Uncertainty quantification estimated by the BayesNuSeg on the test set of the PanNuke dataset. The first column contains the ground truth nuclei (red contours) and the mean of MC dropout sampling predictions (blue contours), overlaid on the original image. The color bar next to the model uncertainty represents the uncertainty in range [0, 1], where 0 denotes lower and 1 highly uncertain predictions

Discussion

The proposed BayesNuSeg model holds immense potential for advancing the field of digital pathology and has profound implications for both clinical practice and biological research. Pathologists and experienced researchers in the medical and AI domains can greatly benefit from the capabilities offered by this model.

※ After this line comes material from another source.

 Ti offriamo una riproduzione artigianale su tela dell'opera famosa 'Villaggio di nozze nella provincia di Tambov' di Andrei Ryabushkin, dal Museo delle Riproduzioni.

One of the critical aspects of digital pathology is the quantification of nuclear features, such as size, shape, and texture, which play vital roles in understanding cellular morphology and tissue composition. The BayesNuSeg model provides precise segmentation results with an F1-score of 0.893 ± 0.008, enabling the extraction of nuclei features. Accurate nuclei segmentation can be utilized for quantitative analysis and characterization of tissue structures, ultimately aiding in the diagnosis, grading, and prognosis of disease. Precise nuclei segmentation serves as a foundational step for subsequent analyses, including cell counting, spatial arrangement analysis, and nuclei clustering. These analyses provide insights into cellular interactions, tissue organization, and pathological alterations at the cellular level. By unraveling disease mechanisms, identifying novel biomarkers, and advancing our understanding of complex biological processes, this model contributes to the forefront of biomedical research. Although, Hover-net segments nuclei precisely, the model demands additional post-processing techniques such as horizontal and vertical maps to separate the touching nuclei. The sequential clustering adopted in BayesNuseg, assists in identifying the pixels belonging to similar instances and thus avoid for additional post-processing steps.

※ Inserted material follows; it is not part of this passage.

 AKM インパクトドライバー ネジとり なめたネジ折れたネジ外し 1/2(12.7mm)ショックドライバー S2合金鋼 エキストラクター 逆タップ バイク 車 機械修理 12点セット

BayesNuSeg’s robust uncertainty quantification capability enables the identification of challenging regions where the model may struggle to accurately segment nuclei. This insight assists clinicians focus their attention on areas requiring additional scrutiny, thereby enhancing diagnostic accuracy and reducing the potential for misinterpretations.

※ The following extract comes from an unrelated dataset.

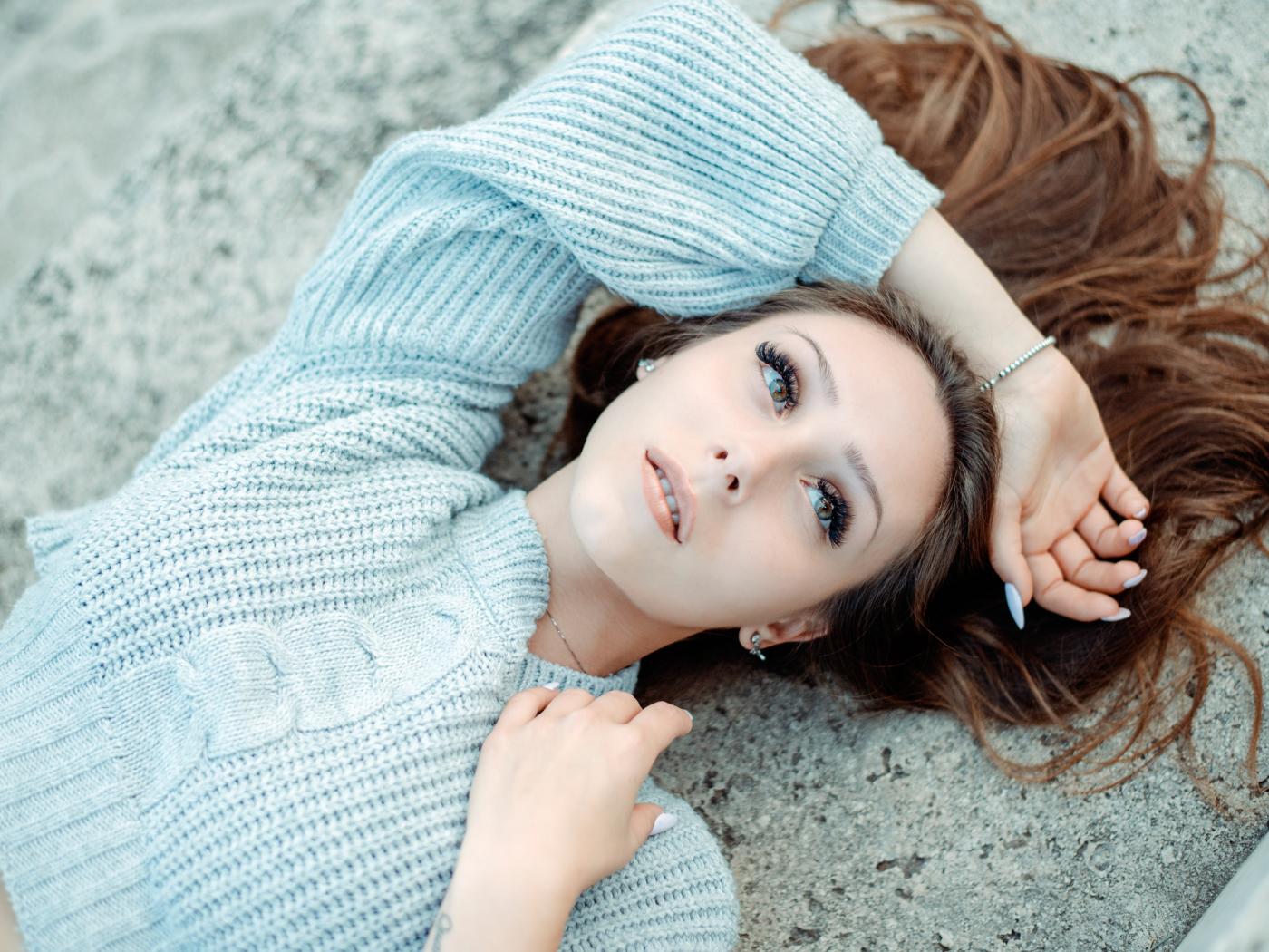 Обои Длинноволосая девушка в голубом свитере лежит на земле

It is important to acknowledge the limitations of our study. We solely evaluated the BayesNuSeg model using the PanNuke dataset, which consists of whole-slide images (WSIs) from various organs. While this dataset encompasses variability in image staining protocols representative of challenges encountered in other datasets, a more comprehensive evaluation on a broader range of datasets would be beneficial. This would allow for a more robust assessment of the model’s performance. Nonetheless, our results clearly demonstrate that BayesNuSeg outperformed several established and state-of-the-art models in terms of WSI segmentation on the PanNuke dataset.

Conclusion

We presented the Bayesian dropout based deep learning representation for nuclei segmentation from H &E-stained medical images. We showed the performance of our proposed BayesNuSeg model for nuclei segmentation and uncertainty qualification on the PanNuke dataset containing 312 pathology slides from 19 different organs. We selected the FCN, the U-Net, the SegNet and the Hover-Net, as the baseline models for comparison. The proposed model with uncertainty achieves an F1-score of 0.893 ± 0.008 which outperforms the state-of-the-art Hover-net with F1-score of 0.871 ± 0.010, that is a relative improvement of 2.53%. Additionally, we validated the efficacy of our proposed model by leveraging MC dropout sampling as an approximation of the posterior distribution for uncertainty quantification. In our next study, we will use the output of the BayesNuSeg model to study tumor micro-environment and to identify the breast cancer tumor biomarkers from the H &E-stained pathology images.